On Monday, Rosen tweeted a copy of a cease and desist letter filed on behalf of Channel 14 against an online commentator who tweeted that the outlet “basically suggested the male fighter and female combat soldiers killed at the guard post were probably f*cking and that is how someone was able to kill them.” The channel demanded a removal of the tweet and an apology.

In her speech on Monday, Michaeli also criticized ultra-Orthodox media for censoring Ben Nun’s face in its coverage of the attack for religious reasons.

Haredi news site JDN posted articles about the incident that featured a composite picture containing portraits of the male fatalities but only the background from a picture of Ben Nun.

Another version of the graphic element had the image of a lit candle instead of any of the portraits of the soldier made available by her family and friends.

״In the ultra-Orthodox media, they think so much about sex that they don’t even show Sgt. Lia Ben Nun,” said Michaeli.

“She’s erased. Instead of a picture of her, they show a picture of a fence, or a candle.
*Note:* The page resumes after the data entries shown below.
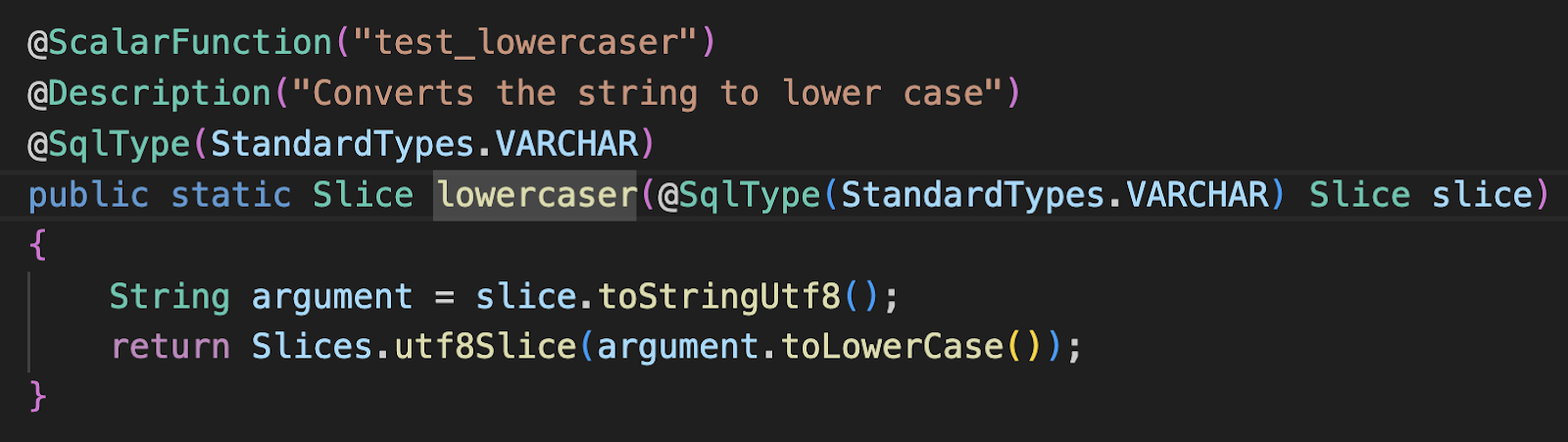 This Create a Trino UDF function with Java tutorial assumes you are conceptually familiar with Trino as a query engine, confident with SQL, and are interested in building your own User Defined Function (UDF). Additionally, it is assumed you are comfortable programming in Java and have a foundational knowledge with Git and Maven.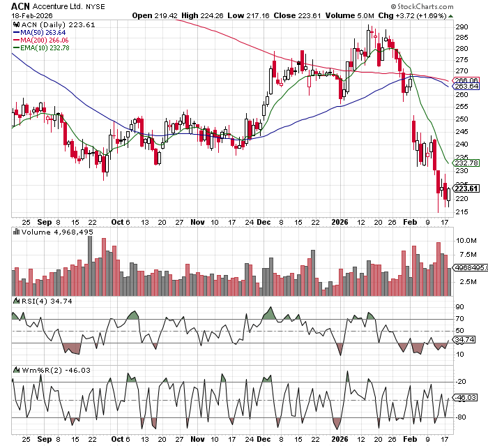 Accenture (ACN) — ACN is a “picks-and-shovels” way to own the enterprise AI rollout without having to pick the winning model or application layer. The market’s AI debate has moved from “cool demos” to “show me the ROI,” and that’s exactly where ACN’s wheelhouse lives: modernizing data stacks, migrating/optimizing cloud, securing identities and workflows, redesigning processes, and then operating the environment as managed services. In an agentic-AI world, complexity doesn’t disappear — it migrates into orchestration, governance, compliance, and integration across messy legacy systems, and those are high-friction problems that large enterprises still outsource. The bull case is that AI expands ACN’s addressable work (more transformation + more ongoing run/operate) while reinforcing vendor stickiness through multi-year programs. The bear case is also clear: if AI compresses implementation effort (coding productivity, commoditized integration), pricing power and billable hours can come under pressure, and ACN’s demand can be cyclical if CIO budgets get cautious. Net: I like ACN as an “old economy benefiting from AI” compounder when the market wants measurable productivity and execution capability—but I’d watch bookings momentum, utilization/pricing, and whether GenAI-led projects translate into durable managed-services revenue (not just one-time consulting bursts).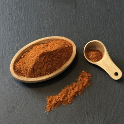 Ingredienser: Paprika edelsüss, løg, hvidløg, cayenne, oregano og timian.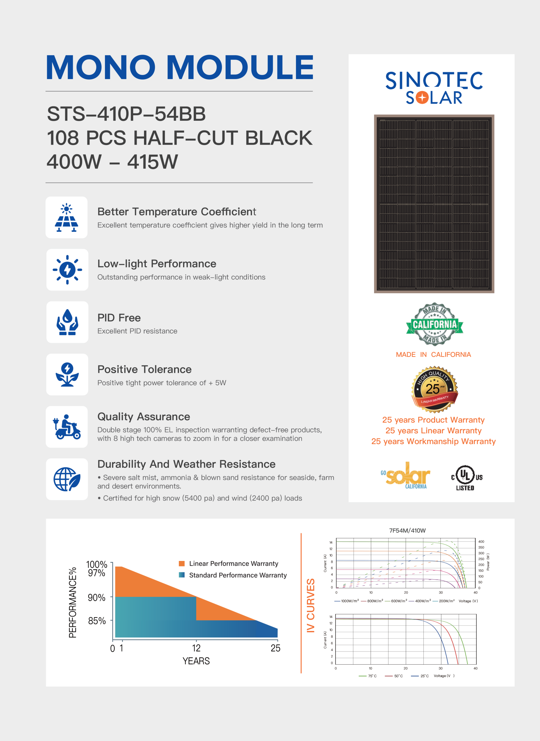 Sinotec 410W Half-Cell Bifacial, 25 years warranty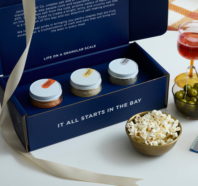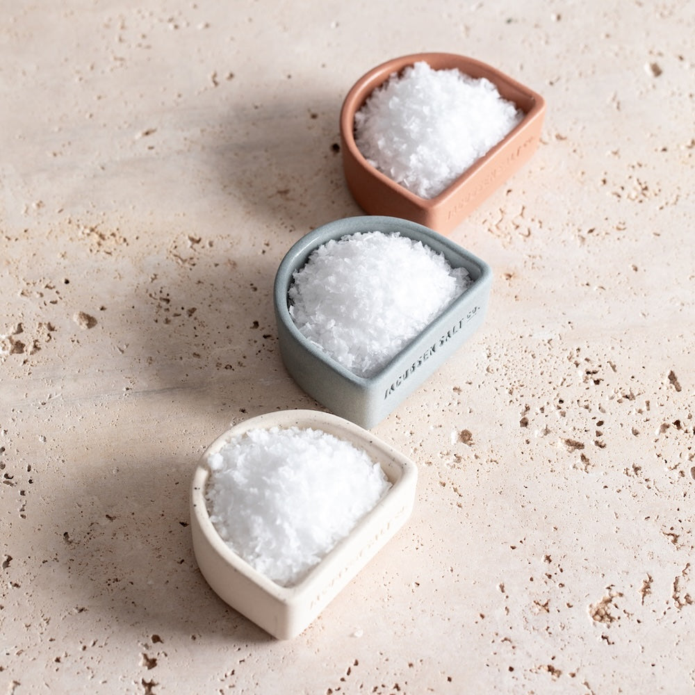 Designed in collaboration with Portland-based Pigeon Toe Ceramics, these custom handcrafted salt cellars are available in three coastal-inspired colorways.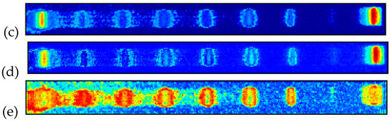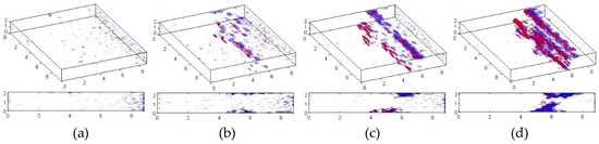 In order to investigate the fracture mechanisms occurring during the fatigue of PMCs accompanied with deep self-heating, and to analyze their influence on the criticality of a degradation process, an additional study was performed on a set of specimens with various degrees of degradation, prepared in the same way as the previous usage of X-ray Industrial Computed Tomography (ICT) [145]. The X-ray ICT tests allowed for 3D representations of fractured specimens to be obtained, and observation of the initiation of cracking due to self-heating. The collected tomograms were subjected to pre-processing, in order to prepare them for further analysis by using the developed image processing procedure, which covered the application of a Gaussian filter and adaptive thresholding, based on the mean of the local intensity distribution. Next, the texture-based segmentation algorithms were applied in order to identify and classify cracks and delaminations. The selected results of the processed tomograms are presented in Figure 16. The full set of processed tomograms can be found in [145].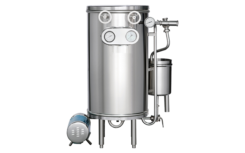 物料通過供料泵進入雙套盤管的外層流道、由內層流出的熱料間接加熱而得到預熱,當物料進入設置在高溫桶內的高溫盤管時,由于桶內的蒸汽間接加熱而被加熱到需要的滅菌溫度,然后在桶外單旋管內保溫而使物料被殺滅,當回到雙套盤管時,物料便進入內層流道,被外層冷料所冷卻,從而使出料溫度顯著下降。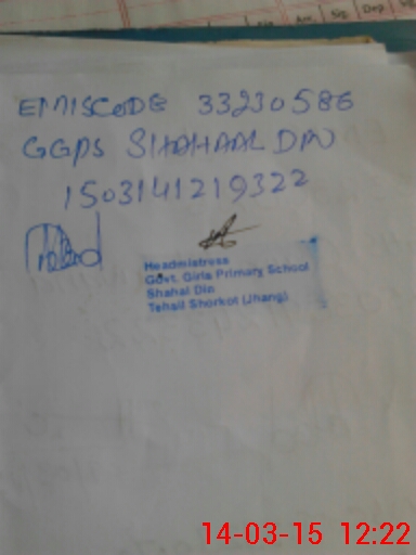 | EMIS Code: 33230586 | Name of School: GGPS SHAHAL DIN | |||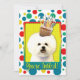 Invite your guests with this whimsical Bichon Frise Dog Greeting Card. With a cupcake balanced on it's head, this design is sure to bring a smile and giggles! BTW, This design has several versions, with different background colors. There is also a Happy Birthday version.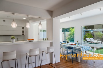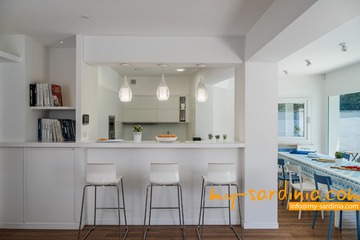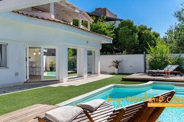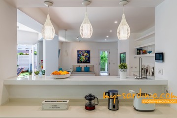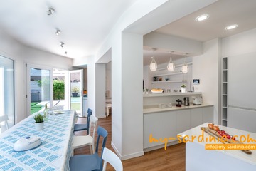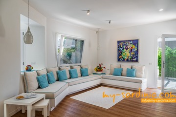 Diese geräumige Villa erstreckt sich mit etwa 210qm Wohnfläche über 2 Etagen und bietet Platz für bis zu 10 Gäste. Die moderne Einrichtung ist in hellen Farbtönen gehalten. Im lichtdurchfluteten Erdgeschoß befinden sich der Wohn- und Essbereich der Villa sowie eine bestens ausgestattete, offene Küche. Die große Sofa-Gruppe gruppiert sich um einen Flachbildschirm, vom Essbereich geht der Blick zum eigenen Pool.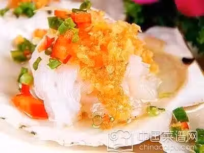 2、將爆香的蒜末與另一半生蒜末調入少許鹽,雞精混勻備用;洗乾淨的扇貝用刀剖出,將粉絲剪成小段,然後鋪在貝殼裡,均勻的撒一點點兒細鹽。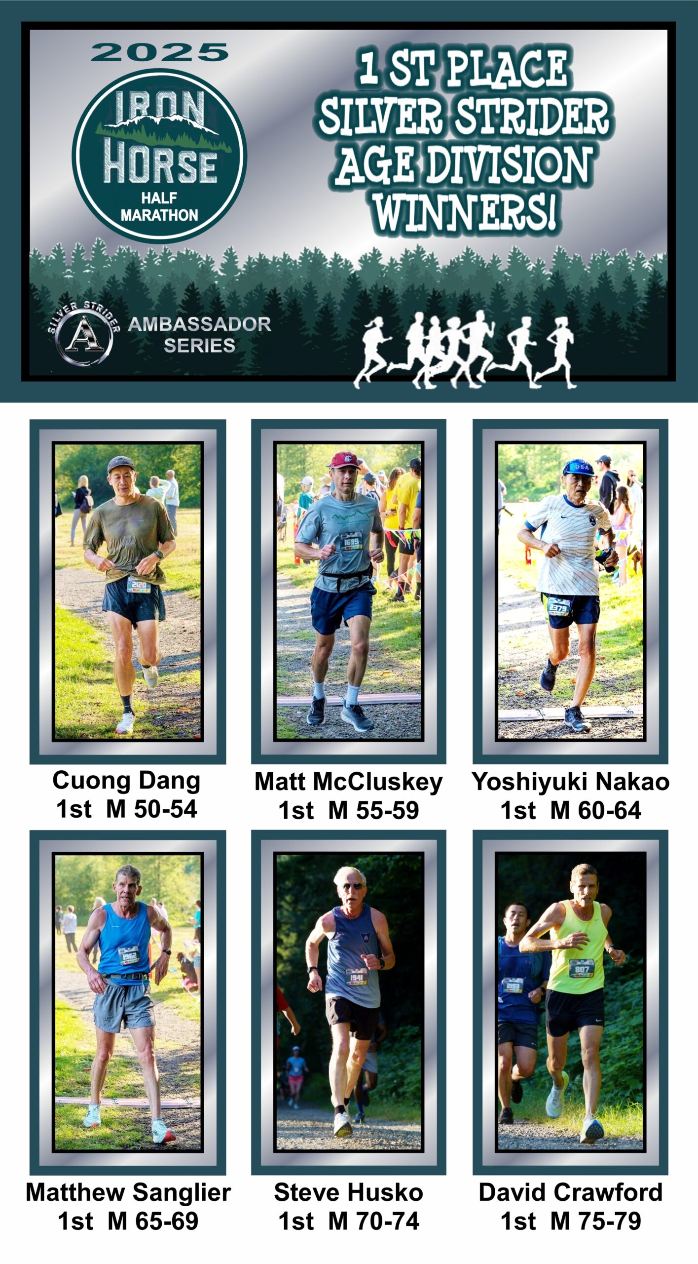This was a well-attended race with 1386 participants, of which 253 were Silver Striders. The first female Silver Strider was Caryn Landau-Walter with a time of 1hr33m28s. The first male Silver Strider was Coung Dang with a time of 1:31:46.

Lia was good enough to pay with her life to protect them, to ensure they can sleep well at night, but God forbid they should pay her last respects and show her picture like those of the other two soldiers. Lia was good enough to serve in a place where their ultra-Orthodox peers are exempt from service. Exempt from defending the country. Exempt from playing their part,״ she said.

Some Haredi Jews consider showing images of women immodest, and publications with very devout audiences censor them, mainly in printed newspapers where this is an established practice. Vandalism against posters with pictures of women on them — including on buses that drive through heavily Haredi neighborhoods — is not uncommon.

Women’s rights groups and others often protest the tendency to erase women from the public space in devout Haredi circles. The fact that this was applied to a soldier who died guarding the country’s border was particularly upsetting to many Israelis, who viewed it as disrespectful toward her and a sign of radicalization.